Photo by Carlotta Mohamed/QNS
(From l. to r.) State Assemblyman David Weprin, Borough President Melinda Katz, State Assemblymembers Jeffrion Aubry and Nily Rozic, QBG Executive Director Susan Lacerte and City Councilman Jimmy Van Bramer, at the official opening of the QBG Unity Garden.

Flushing Queens Botanical Garden (QBG) officials and local leaders celebrated on Thursday the official opening of the newly renovated Unity Garden with a green ribbon-cutting ceremony. 

Located in the Gardens on Parade Section at QBG (an area originally modeled after the five-acre exhibit showcased at the 1939-1940 New York World’s Fair) the zone features a new design with a circle of a lawn, surrounded by six elegant 1964 World’s Fair-style benches, pathways, and a combination of plants that do well in shade and sun. 

QBG Executive Director Susan Lacerte was joined by Assemblymembers Nily Rozic and Jeffrion Aubry, who contributed a total of $250,000 for the Unity Garden. Special guests included Borough President Melinda Katz, Assemblyman David Weprin, City Councilman Jimmy Van Bramer and QBG board members. 

“I’m very happy to see this happen,” said Pauline Huang, QBG board chair. “When we were here before, this was a rock garden. But now there are benches, trees, a lot of designs. It happened because of all of your contributions, your passion and efforts that made this happened. This is the only garden in Queens and am so proud to be here today and will be here forever.”

The green ribbon-cutting ceremony officially marking the opening of the Unity Garden (Photo by Carlotta Mohamed)

Installed in the 1970s, the garden was in much need of renovation, according to Lacerte. In 2015, Lacerte took a trip to Albany and presented a capital proposal to Aubry, and also received support from Rozic. The project was in part funded by a grant from the lawmakers and the remaining support was provided by private funds, totaling $375,000. 

Assemblymembers Jeffrion Aubry and Nily Rozic by the Unity Garden (Photo by Carlotta Mohamed)

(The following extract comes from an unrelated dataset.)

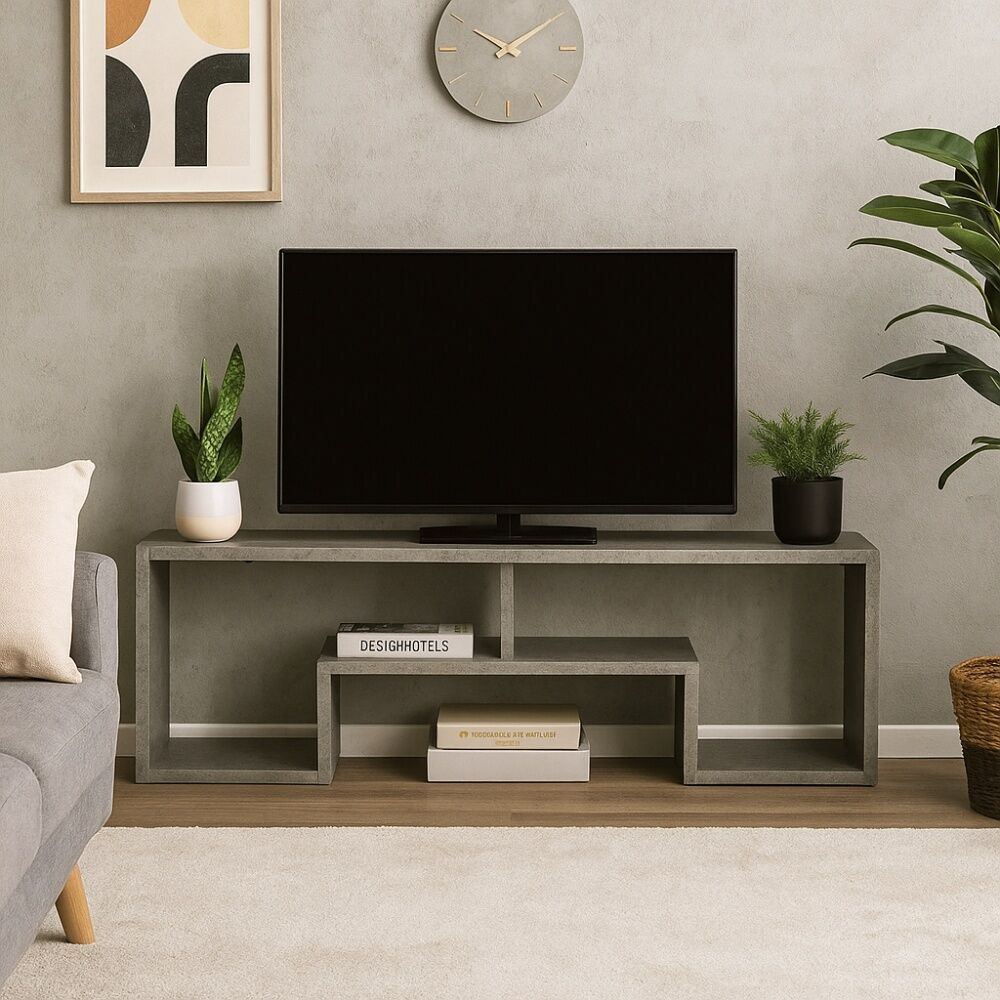 طاولة تلفزيون بتصميم عملي وأنيق، توفر سطحًا مناسبًا لوضع التلفزيون والأجهزة الإلكترونية الأخرى. تتميز بتوفير مساحة إضافية للتخزين، مما يجعلها خيارًا مثاليًا لتنظيم المساحة في غرف المعيشة أو الصالونات.

“It really was a team effort to keep this place up and running and for everyone who has come to enjoy the garden, we know and appreciate all of the hard work,” Rozic said. “$250,000 might not sound like a lot, but clearly fitting amongst this Unity Garden it really goes a long way in bringing the outside in and inside out. It’s all about creating the social infrastructure for community members to come sit, enjoy and relax.” 

For Aubry, it’s importance to support hidden treasures in communities that may not get the spotlight as much as other places in the city, he said. 

“We in Queens know that it’s a special place [a hidden gem] and a place where everyone can come and find solace, comfort and enjoy the environment,” Aubry said.  

Renowned Botanical Garden consultant W. Gary Smith and landscape architect Harriet Grimm created the design of the Unity Garden working in consort with QBG Horticulture staff Morgan Potter and her team; local landscapers, Scenic Designs, implemented the renovation. 

“It was a privilege getting to work with such talented designers,” Potter said. “Gary Smith and Harriet Grimm brought a fresh and inspiring perspective to the Garden, tying spaces together and really setting in motion the idea of the Gardens on Parade as a unified space. Plants flow from one section to the next connecting the gardens to each other, but perhaps more importantly, connecting people to the space, an idea we’re running with as we renovate other nearby areas.

The Unity Garden also incorporates existing trees and shrubs in former Backyard Garden, two faux bois benches, and a variety of ferns and perennials. One of the trees is a rare Franklinia tree (Franklinia alatamaha), named after Benjamin Franklin and no longer found in the wild. Other highlights include witch hazel, Japanese painted ferns, and two cherry plum trees. The circle at the heart of the new design is a symbol familiar to all cultures and one that sends a message of unity and welcome to all who visit. 

“When we walked in and saw a bunch of little children playing, you immediately feel better about the world. You feel a little bit happier and this garden and places like this are the only thing that is going to save us from the madness in the world right now,” Van Bramer said.